Exercise requirements> Starting with the line that has "外はこんもり雪ですが… 巷の「SALE」も一段落 まだまだ寒い日が続きますが" and finishing with the line that has "Kriti Life Room", set down each line below exactly. Pictures are not copied.

[Source records — start]

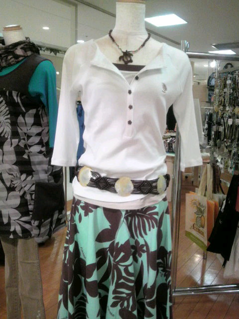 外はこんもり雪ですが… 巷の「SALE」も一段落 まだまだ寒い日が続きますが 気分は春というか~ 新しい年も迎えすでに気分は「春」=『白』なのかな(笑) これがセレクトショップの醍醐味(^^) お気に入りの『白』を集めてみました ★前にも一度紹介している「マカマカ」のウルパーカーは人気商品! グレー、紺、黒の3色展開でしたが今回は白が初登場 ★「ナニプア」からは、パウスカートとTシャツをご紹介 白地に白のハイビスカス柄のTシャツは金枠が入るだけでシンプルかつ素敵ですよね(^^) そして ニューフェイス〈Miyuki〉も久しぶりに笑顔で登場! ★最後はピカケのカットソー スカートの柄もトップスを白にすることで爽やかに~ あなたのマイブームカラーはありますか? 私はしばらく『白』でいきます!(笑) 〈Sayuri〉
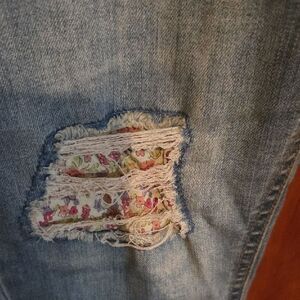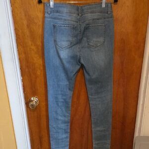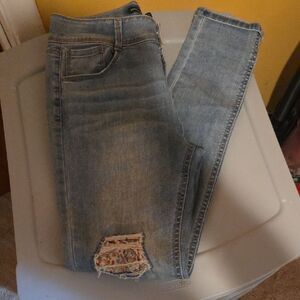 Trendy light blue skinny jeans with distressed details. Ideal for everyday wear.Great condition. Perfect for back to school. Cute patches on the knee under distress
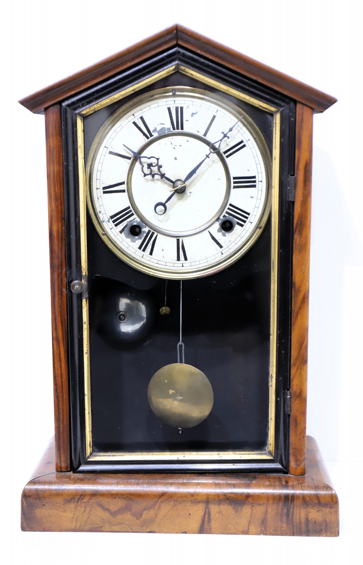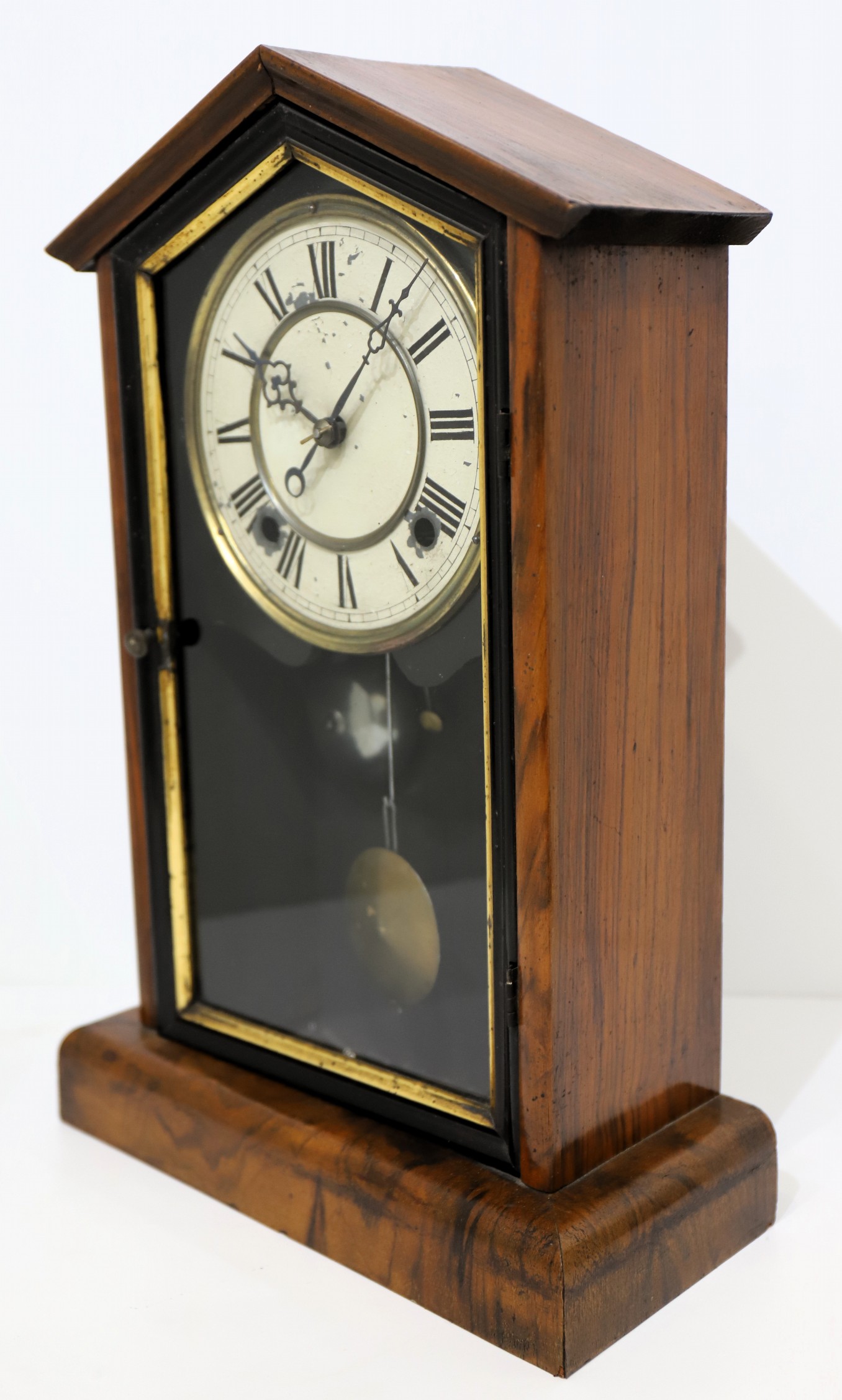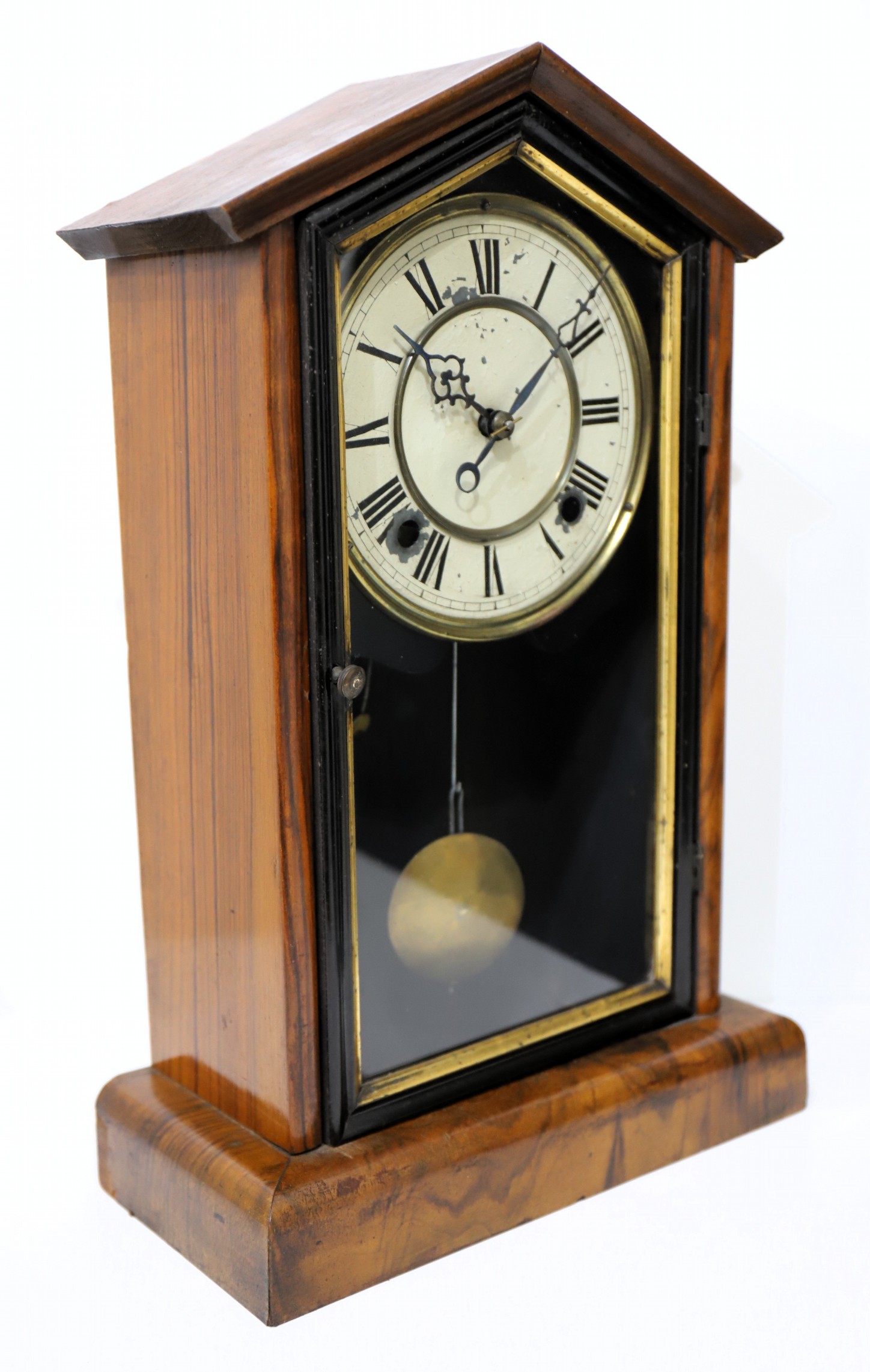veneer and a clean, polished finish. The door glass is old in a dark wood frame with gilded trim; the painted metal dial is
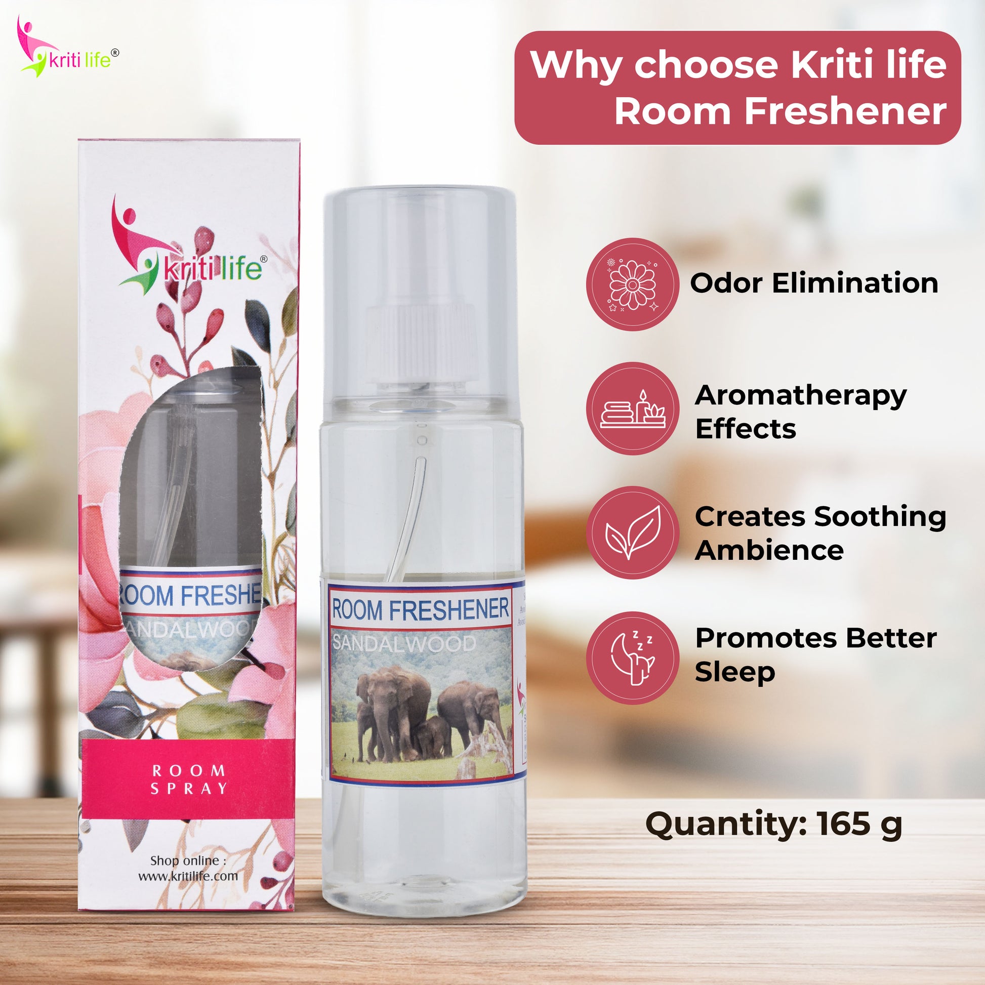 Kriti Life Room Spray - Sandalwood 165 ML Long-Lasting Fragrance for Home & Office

[Source records — finish]
[Source records — start]

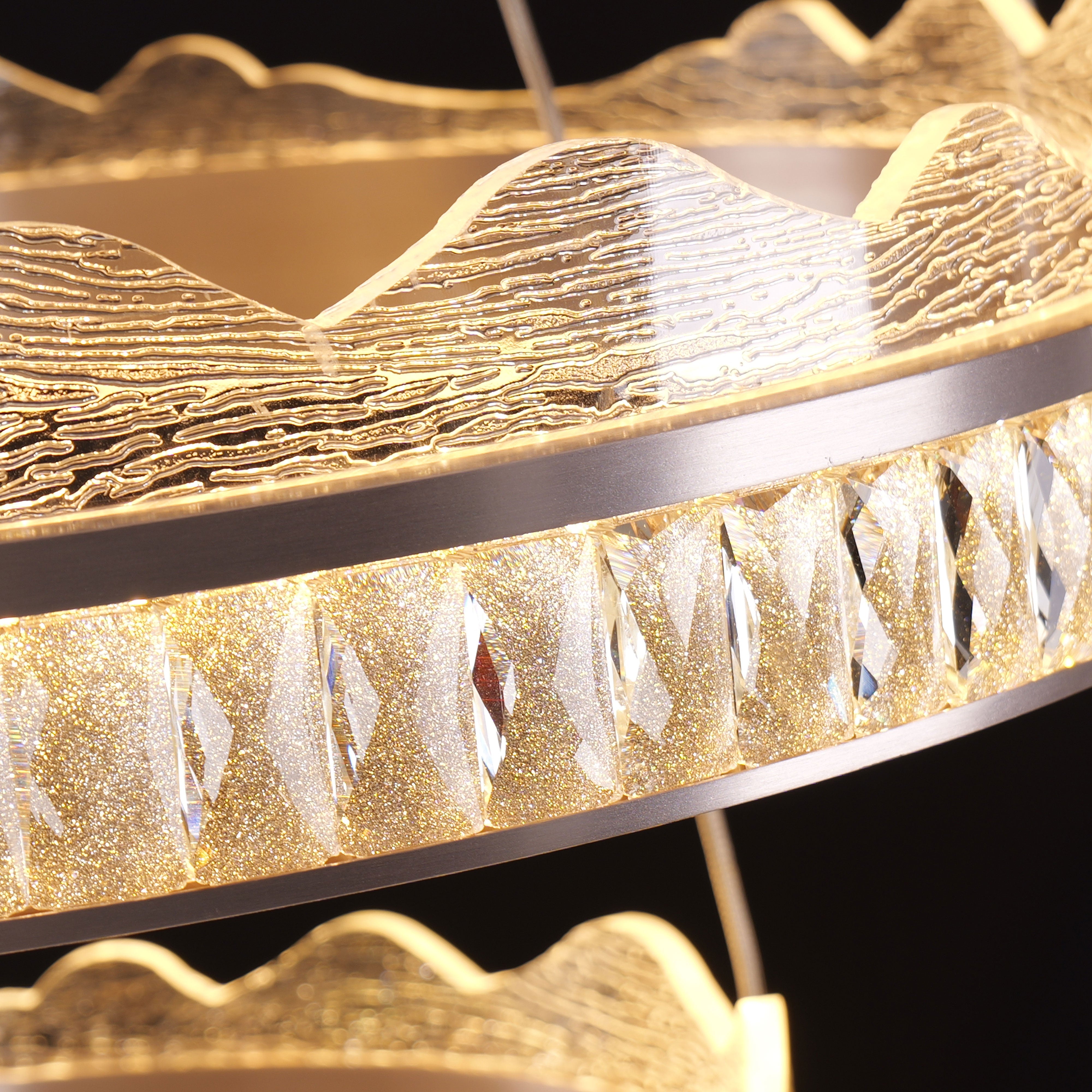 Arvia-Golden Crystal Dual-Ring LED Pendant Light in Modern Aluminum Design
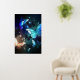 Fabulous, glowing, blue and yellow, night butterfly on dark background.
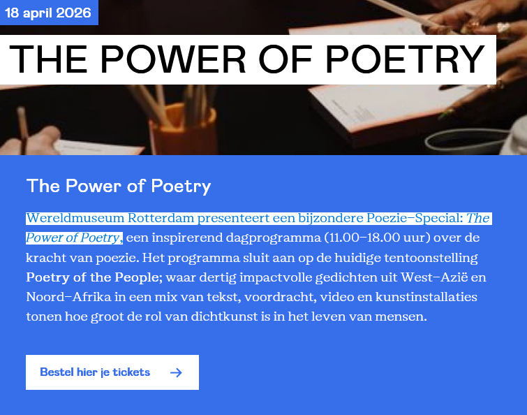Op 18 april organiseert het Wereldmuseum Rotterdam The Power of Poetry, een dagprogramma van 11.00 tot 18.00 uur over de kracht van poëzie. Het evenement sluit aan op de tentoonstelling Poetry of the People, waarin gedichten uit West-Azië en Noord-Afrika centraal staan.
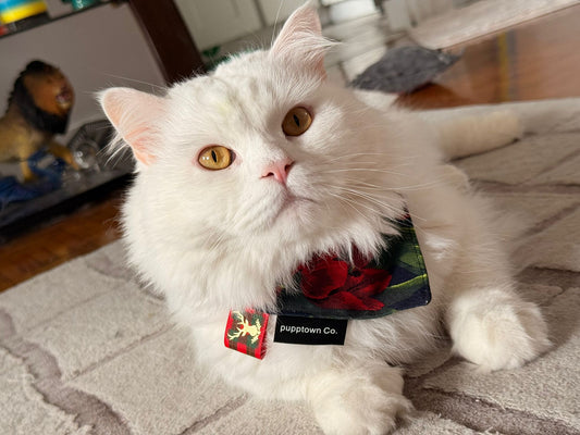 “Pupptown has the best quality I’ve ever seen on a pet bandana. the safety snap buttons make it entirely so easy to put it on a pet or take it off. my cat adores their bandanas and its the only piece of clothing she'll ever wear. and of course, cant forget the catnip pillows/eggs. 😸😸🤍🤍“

[Source records — finish]

Answer space>
 外はこんもり雪ですが… 巷の「SALE」も一段落 まだまだ寒い日が続きますが 気分は春というか~ 新しい年も迎えすでに気分は「春」=『白』なのかな(笑) これがセレクトショップの醍醐味(^^) お気に入りの『白』を集めてみました ★前にも一度紹介している「マカマカ」のウルパーカーは人気商品! グレー、紺、黒の3色展開でしたが今回は白が初登場 ★「ナニプア」からは、パウスカートとTシャツをご紹介 白地に白のハイビスカス柄のTシャツは金枠が入るだけでシンプルかつ素敵ですよね(^^) そして ニューフェイス〈Miyuki〉も久しぶりに笑顔で登場! ★最後はピカケのカットソー スカートの柄もトップスを白にすることで爽やかに~ あなたのマイブームカラーはありますか? 私はしばらく『白』でいきます!(笑) 〈Sayuri〉
 Trendy light blue skinny jeans with distressed details. Ideal for everyday wear.Great condition. Perfect for back to school. Cute patches on the knee under distress
veneer and a clean, polished finish. The door glass is old in a dark wood frame with gilded trim; the painted metal dial is
 Kriti Life Room Spray - Sandalwood 165 ML Long-Lasting Fragrance for Home & Office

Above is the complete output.